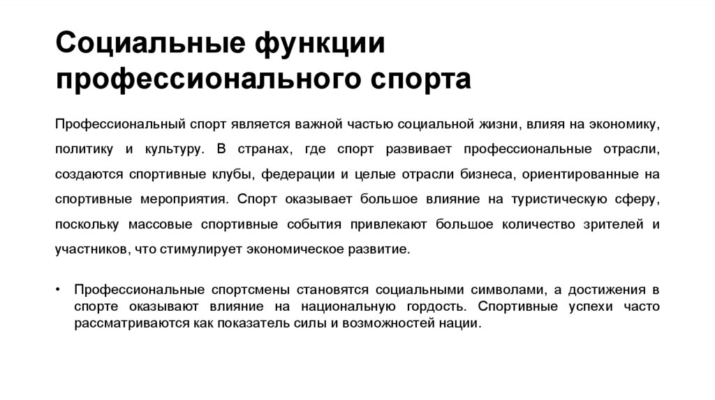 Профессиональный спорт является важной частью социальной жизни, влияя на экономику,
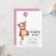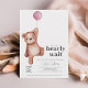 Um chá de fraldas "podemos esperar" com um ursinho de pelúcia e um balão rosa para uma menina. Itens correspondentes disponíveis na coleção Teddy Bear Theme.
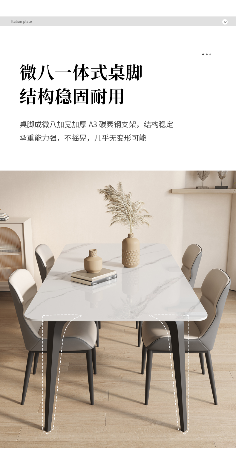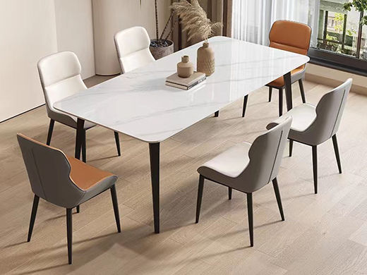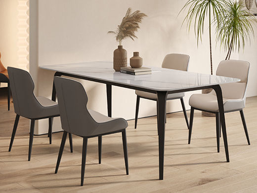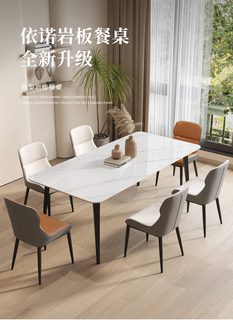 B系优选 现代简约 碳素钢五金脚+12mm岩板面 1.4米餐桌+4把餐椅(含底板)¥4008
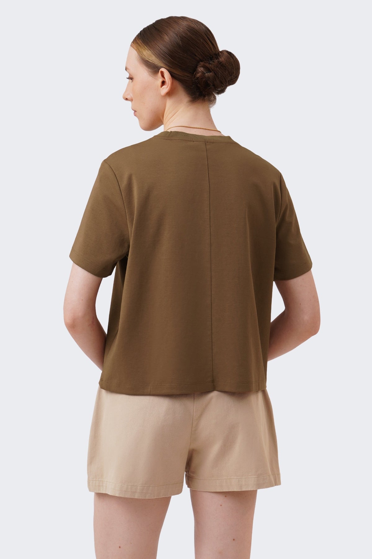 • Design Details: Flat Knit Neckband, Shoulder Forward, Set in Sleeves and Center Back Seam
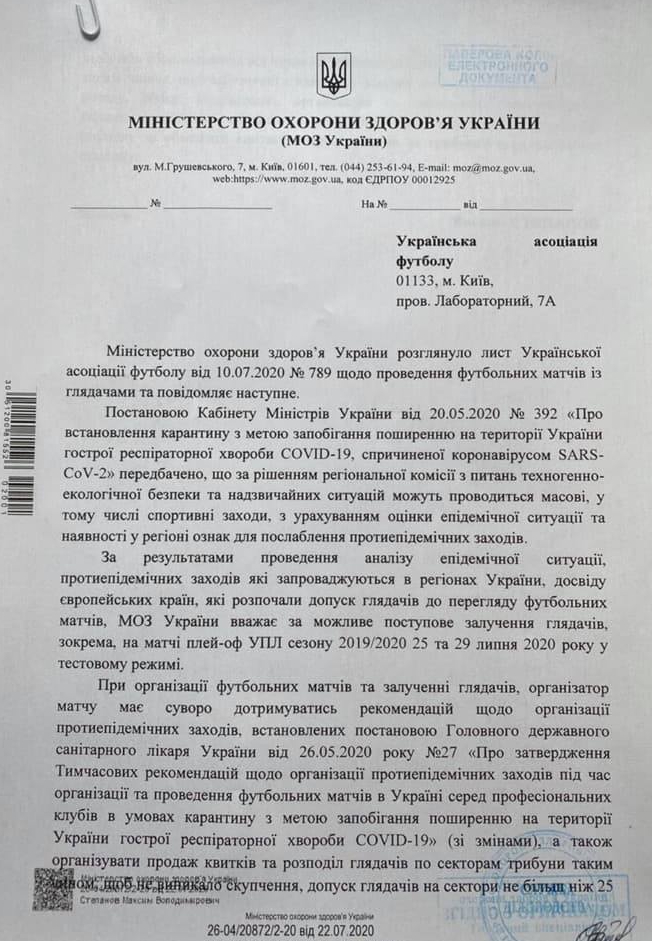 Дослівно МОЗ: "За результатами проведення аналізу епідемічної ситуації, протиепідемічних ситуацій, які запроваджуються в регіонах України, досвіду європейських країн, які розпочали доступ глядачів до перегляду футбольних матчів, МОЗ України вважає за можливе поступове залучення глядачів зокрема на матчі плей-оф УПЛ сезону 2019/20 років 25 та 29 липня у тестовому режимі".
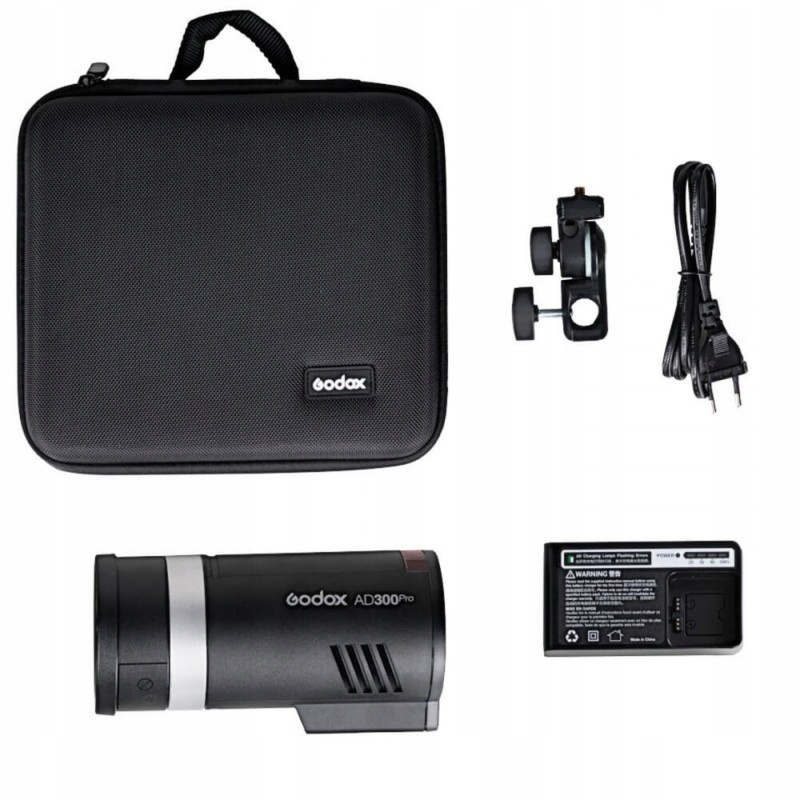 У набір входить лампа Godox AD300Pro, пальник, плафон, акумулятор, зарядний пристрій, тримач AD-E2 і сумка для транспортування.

+-------+

• [Instructions to follow]:
Copy out the listing above in full and leave out its pictures.

• [Response to this task]:
 Профессиональный спорт является важной частью социальной жизни, влияя на экономику,
 Um chá de fraldas "podemos esperar" com um ursinho de pelúcia e um balão rosa para uma menina. Itens correspondentes disponíveis na coleção Teddy Bear Theme.
 B系优选 现代简约 碳素钢五金脚+12mm岩板面 1.4米餐桌+4把餐椅(含底板)¥4008
 • Design Details: Flat Knit Neckband, Shoulder Forward, Set in Sleeves and Center Back Seam
 Дослівно МОЗ: "За результатами проведення аналізу епідемічної ситуації, протиепідемічних ситуацій, які запроваджуються в регіонах України, досвіду європейських країн, які розпочали доступ глядачів до перегляду футбольних матчів, МОЗ України вважає за можливе поступове залучення глядачів зокрема на матчі плей-оф УПЛ сезону 2019/20 років 25 та 29 липня у тестовому режимі".
 У набір входить лампа Godox AD300Pro, пальник, плафон, акумулятор, зарядний пристрій, тримач AD-E2 і сумка для транспортування.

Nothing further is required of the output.